Unable to match the speed of movement and command reaction of the Germans, the Soviet high command was clearly unable to match the Germans operationally, especially in large-scale maneuvers across an entire front. Almost forgotten today, the Soviets could not escape the Germans. It was soon apparent to the Soviets that the Germans could move so fast that there was not enough space between the German border and the most crucial terrain for survival, the Moscow-Gorki space. It followed that without effective control opposite Army Group Center, unable to match the Germans in operational level maneuver, and lacking space to trade for time against the fast-moving Germans, the Soviets made a virtue out of the necessity to hang on blindly everywhere. Still, the Soviets tried to maneuver out of several pockets created by the Germans near Bialystok, Minsk, Smolensk, and several subpockets around the latter city. The degree to which the Soviets lost control over events is illustrated by statements of captured Russians just after the heaviest fighting in the Bialystok cauldron: "Russian forces received the order on 29 June 1941 in Novogrodek {where another great pocket was forming} to retreat to Baranowicze. If Baranowicze were occupied by German troops, they were to go east to Stolpce and Minsk."{31} The order was remarkable for its especially presumptuous directions about what Russian troops would accept as a move into the punishing unknown and its sheer ignorance about the course of the war in White Russia. The Soviet command evidently was unaware that the Germans had already cut the main road out of Minsk 40 km farther east four days earlier, seized both Baranowicze and Stolpce on the same day, and taken Minsk by noon one day earlier. The Soviet command had totally lost control over events in central Russia and ordered forces around Novogrodek to retreat through cities already occupied by the Germans for several days to seek haven in the capital, which had fallen the previous day.

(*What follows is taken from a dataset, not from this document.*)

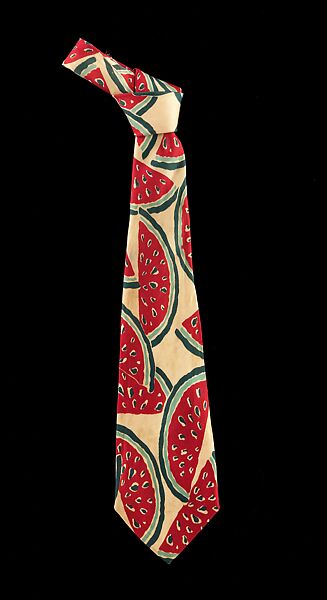 Watermelon imagery has become a lasting perennial theme and early artistic images, such as the one found here, were used to invite a sense of fun and whimsy in a time when most of the world was recovering or enduring the Great Depression. This style of representative imagery is indicative of printed silks of the 1920s and 30s.

As the Germans pressed on in the great operational offensive of 3 July 1941, the Soviet command had not recovered its equilibrum. On 10 and 11 July, Guderian's divisions crossed the Dnieper at several locations with only light casualties. The successful crossing was a tour de force by Guderian on his mission to seize Moscow. He immediately ordered exploitation of the success by directing his 47th Panzer Corps to move against Smolensk. The familiar lack of Soviet command and control soon showed up, as air reconnaissance aircraft supporting the panzer corps reported a big Soviet column moving south through Gorodek (west of Smolensk) on the morning of 10 July, apparently intending to attack the German panzer force. By afternoon the same day, the corps intelligence officer observed that the column was "on its way back in a northeast direction towards Newel {and} the aimlessness of this movement leads to the conclusion that the Russian leadership is already confused."{32}

Guderian had impressed on the commander of his corp's 29th Motorized Infantry Division the necessity to reach Smolensk with all speed, and after the division crossed the Dnieper on the morning of 11 July it immediately exploited its success with a drive toward Smolensk. The Soviets were so surprised and confused that German motorized infantry of the division overran them conducting air operations at Sobowa air field, destroying or capturing twenty operational fighters on the ground. Later in the day, evidently out of touch with the operational situation, two Soviet staff officers, carrying maps of the headquarters 20th Army and the 23rd Air Division, landed on the field. German infantry disabled the aircraft, rushed it, and captured the crew, the staff officers, and the documents.{33} Soviet officers from the headquarters of a ground army and air division had lost contact with their own forces. Perhaps this is an overly harsh judgment; after all, the Soviet officers had found the unit and the air field they were looking for. As in Barbarossa, the Soviets had lost the German 15th Motorized Rifle Regiment and its parent division, which were wreaking havoc in the Soviet rear area.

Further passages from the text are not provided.